# ACTIVITY:
The whole listing, please: repeat it exactly, with the pictures left out.

# COLLECTED DATA:
********

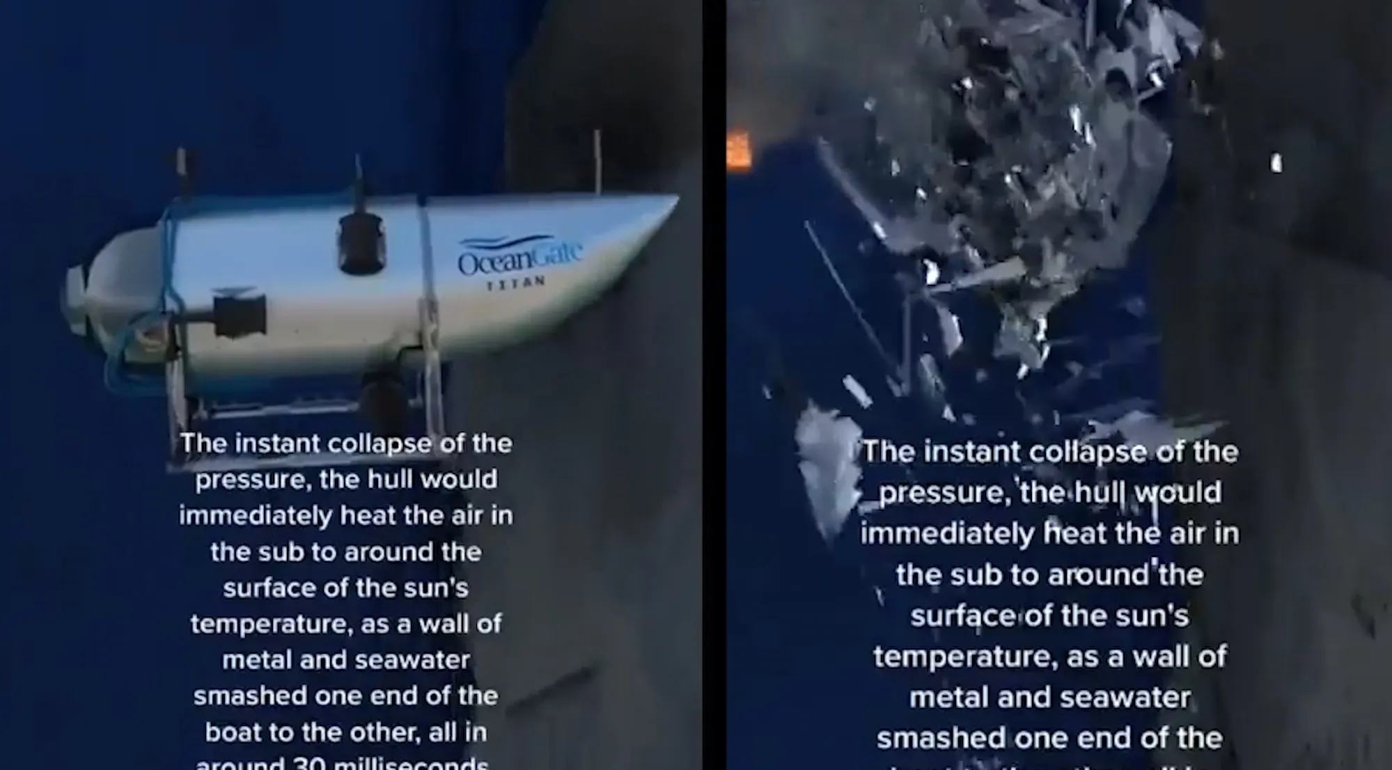Ketika sebuah kapal selam meledak, tekanan air yang sangat tinggi di laut dalam akan menghancurkan kapal selam tersebut. Di kedalaman 3.800 meter di lokasi bangkai Titanic, tekanan air mencapai 6.000 PSI atau sekitar 400 kali lebih tinggi dari tekanan di permukaan laut.
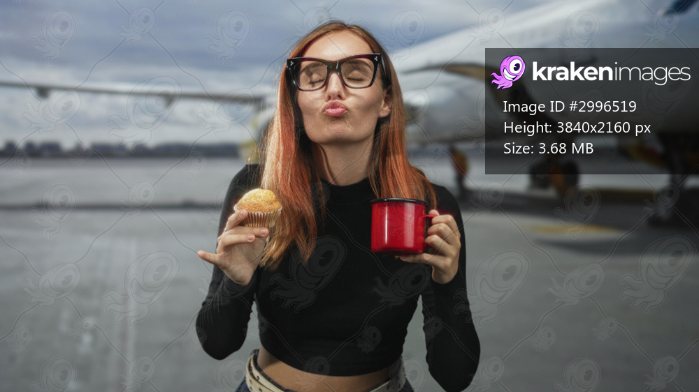 Woman holding red mug and cupcake on airport tarmac beside a parked airplane, wearing glasses and black turtleneck; cheerful travel moment.
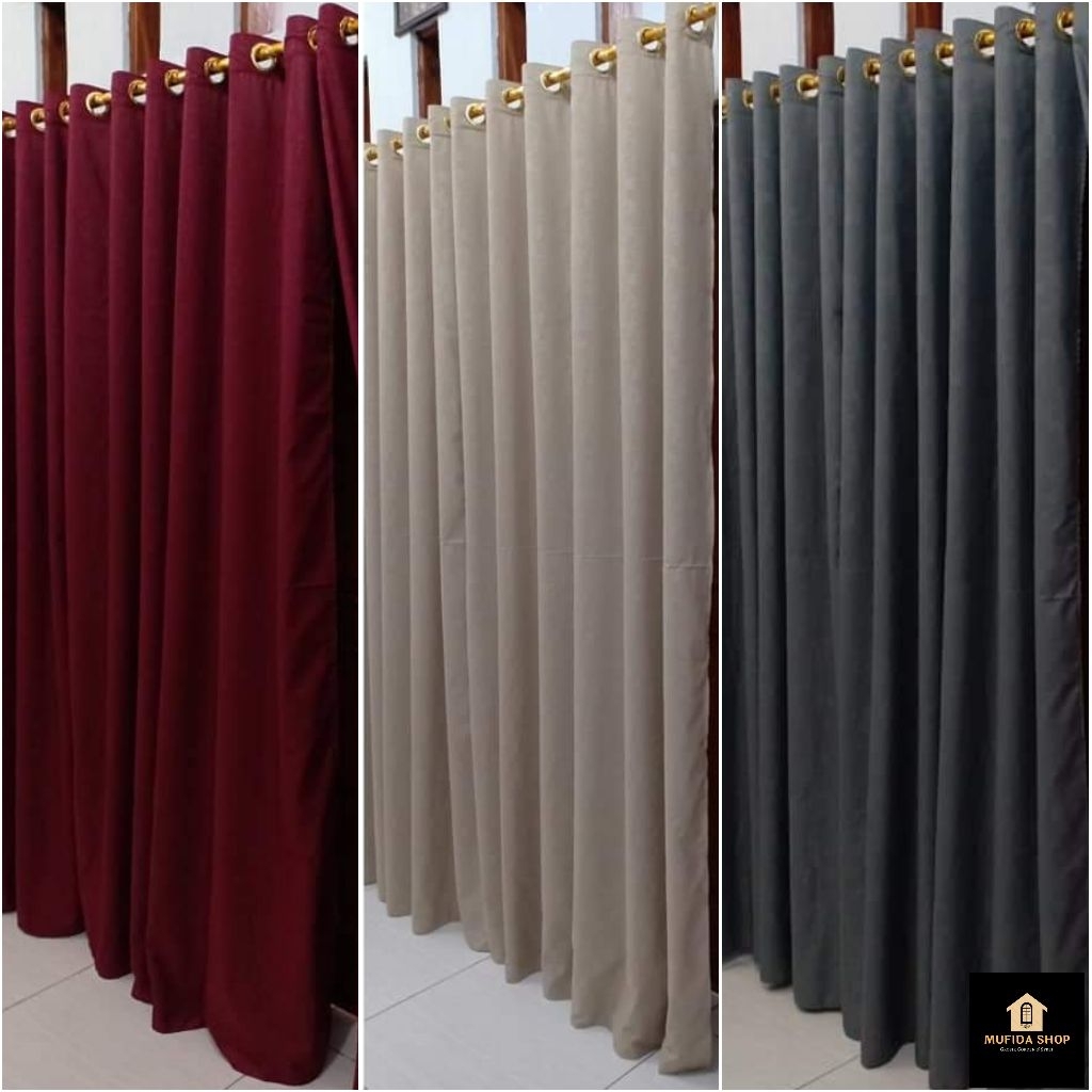 Tirai Pintu Gorden Jendela Polos Embos Smokring Abu Coklat Marun Krem

********

# REPLY TO THE EXERCISE:
Ketika sebuah kapal selam meledak, tekanan air yang sangat tinggi di laut dalam akan menghancurkan kapal selam tersebut. Di kedalaman 3.800 meter di lokasi bangkai Titanic, tekanan air mencapai 6.000 PSI atau sekitar 400 kali lebih tinggi dari tekanan di permukaan laut.
 Woman holding red mug and cupcake on airport tarmac beside a parked airplane, wearing glasses and black turtleneck; cheerful travel moment.
 Tirai Pintu Gorden Jendela Polos Embos Smokring Abu Coklat Marun Krem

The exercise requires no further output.